Conscient de la méfiance de nombreux investisseurs vis-à-vis de la gouvernance locale, l’État, par le biais du Ministère de la Décentralisation, soutient actuellement des programmes pilotes dans certaines villes, dont Goma, pour :

  • Renforcer les capacités des services urbains (cadastre, urbanisme, finances locales),
  • Mettre en place des procédures budgétaires transparentes,
  • Développer une fiscalité locale équitable et lisible.

Le processus d’élaboration du Plan Directeur d’Urbanisme de Goma 2025–2040, en cours depuis 2023, associe les acteurs publics, privés et la société civile. Ce document, une fois validé, devra fournir une feuille de route claire pour les investissements urbains, en définissant les zones de développement, les priorités en matière d’infrastructures, et les normes d’urbanisation.


5. L’intégration régionale : une carte que joue aussi l’État

Le rôle de l’État ne se limite pas au niveau local. À l’échelle régionale, le gouvernement central travaille à l’intégration de Goma dans les corridors économiques Est-Africains, via :

  • Le projet de corridor Bukavu-Goma-Gisenyi-Kigali, visant à fluidifier les échanges avec le Rwanda et le Burundi.
  • La participation de la RDC à la Communauté d’Afrique de l’Est (EAC), qui ouvre de nouveaux marchés et facilite l’harmonisation des normes douanières.
  • Le soutien à des initiatives de zones économiques spéciales, dont une est envisagée à la frontière entre Goma et Rubavu.

Ces dynamiques renforcent l’attractivité de Goma comme carrefour logistique et commercial régional, à condition que les réformes locales suivent.


Conclusion : Un État encore perfectible, mais engagé

L’État, à travers ses multiples niveaux d’intervention, joue un rôle structurant dans la promotion des investissements à Goma.

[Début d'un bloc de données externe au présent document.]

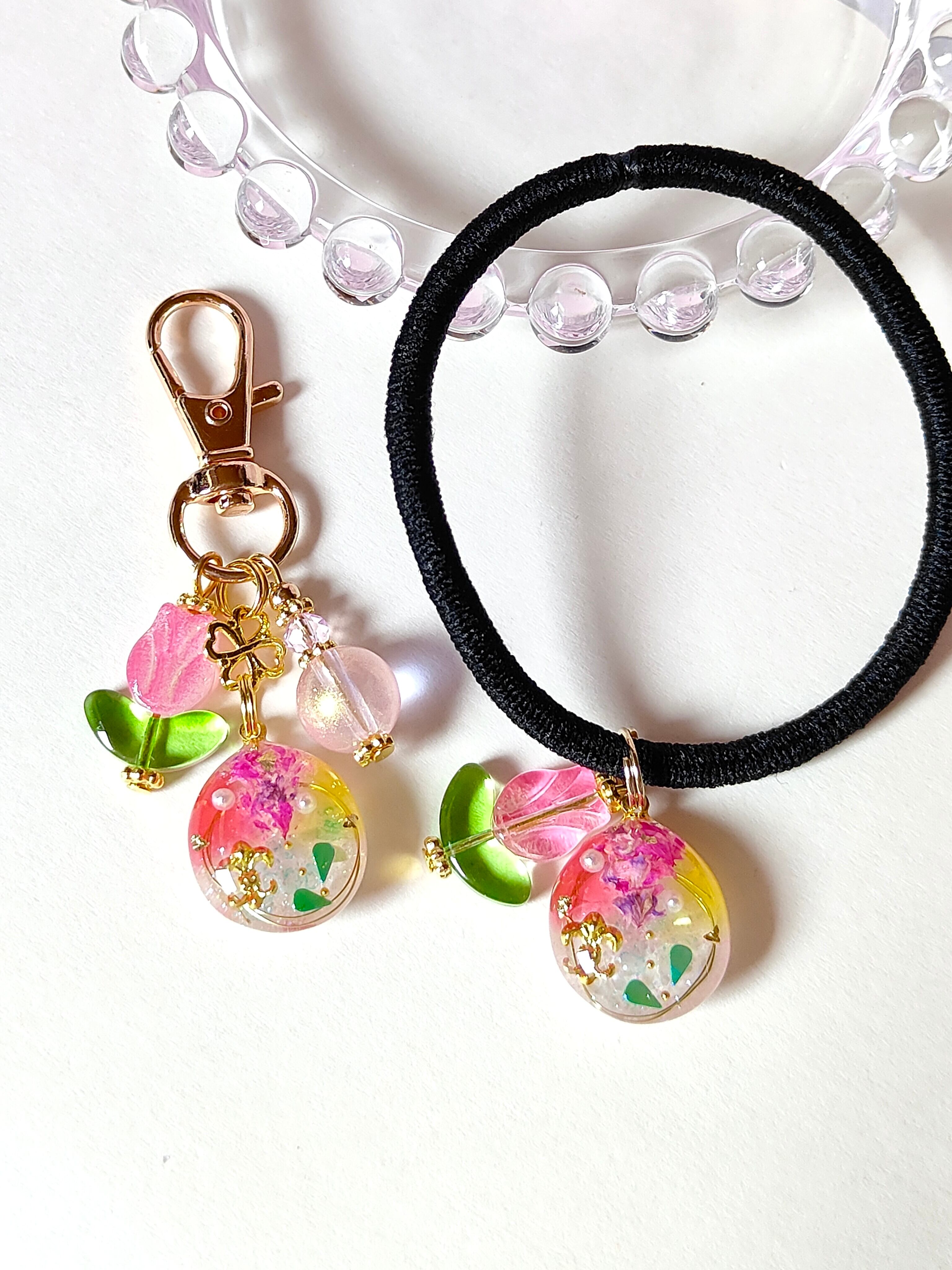 【ヘアゴム】Dropチューリップ レジン キーホルダー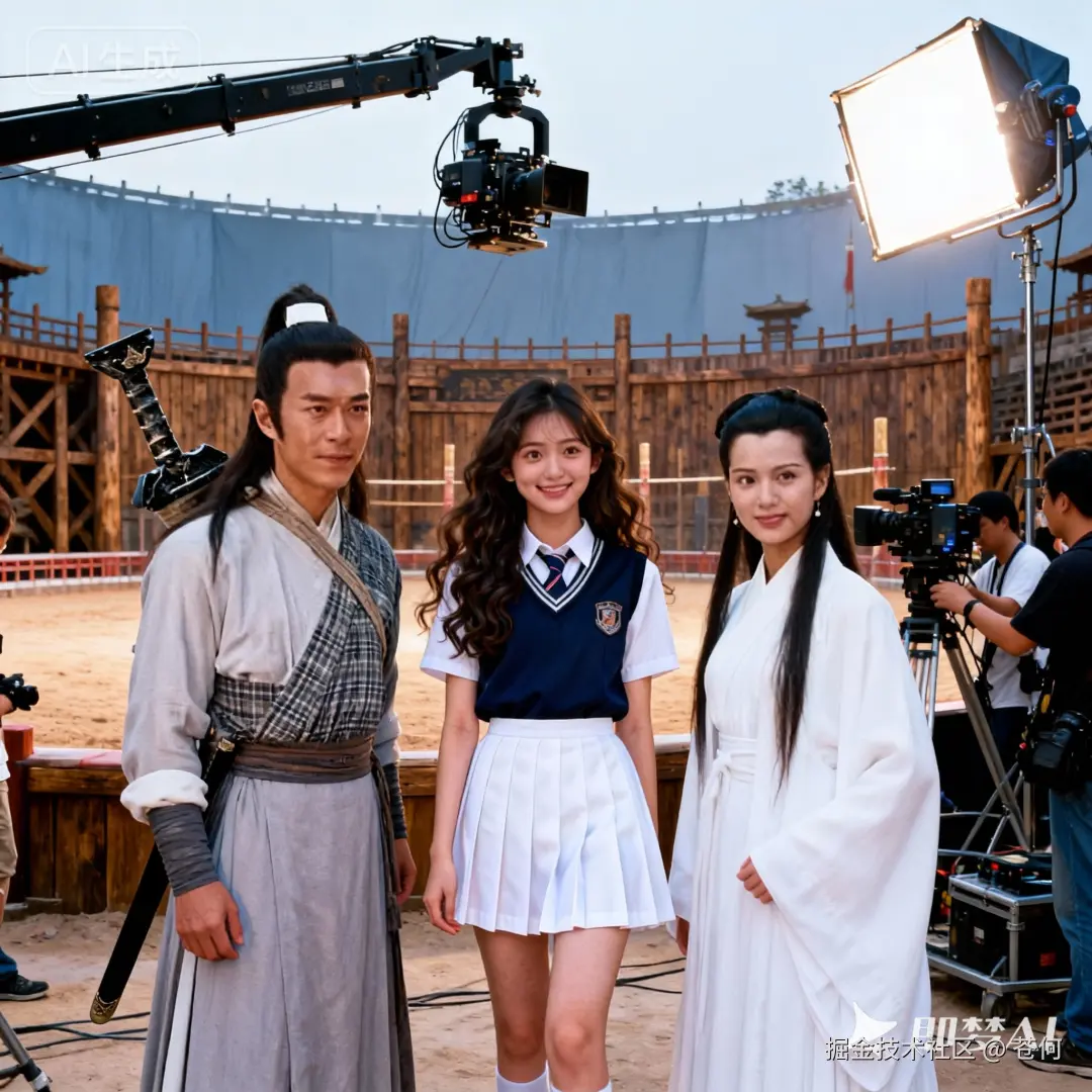 提示词:图2中的卷发百褶裙女孩,从图2的片场中走出,走到了图3的片场中,与图3中的主创们合影

L’existence de textes incitatifs, de projets de PPP, de mesures fiscales ciblées et d’un effort de planification urbaine démontre une volonté de créer un environnement plus favorable aux affaires.

Cependant, pour que cette volonté se traduise en impact réel sur le terrain, il reste de nombreux défis à relever : renforcer la transparence, stabiliser les institutions locales, simplifier les démarches, et surtout, restaurer la confiance des investisseurs.

À Goma, les investissements privés ne peuvent porter leurs fruits qu’à condition d’un engagement public constant, et d’une collaboration intelligente entre l’État, les entreprises et la société civile.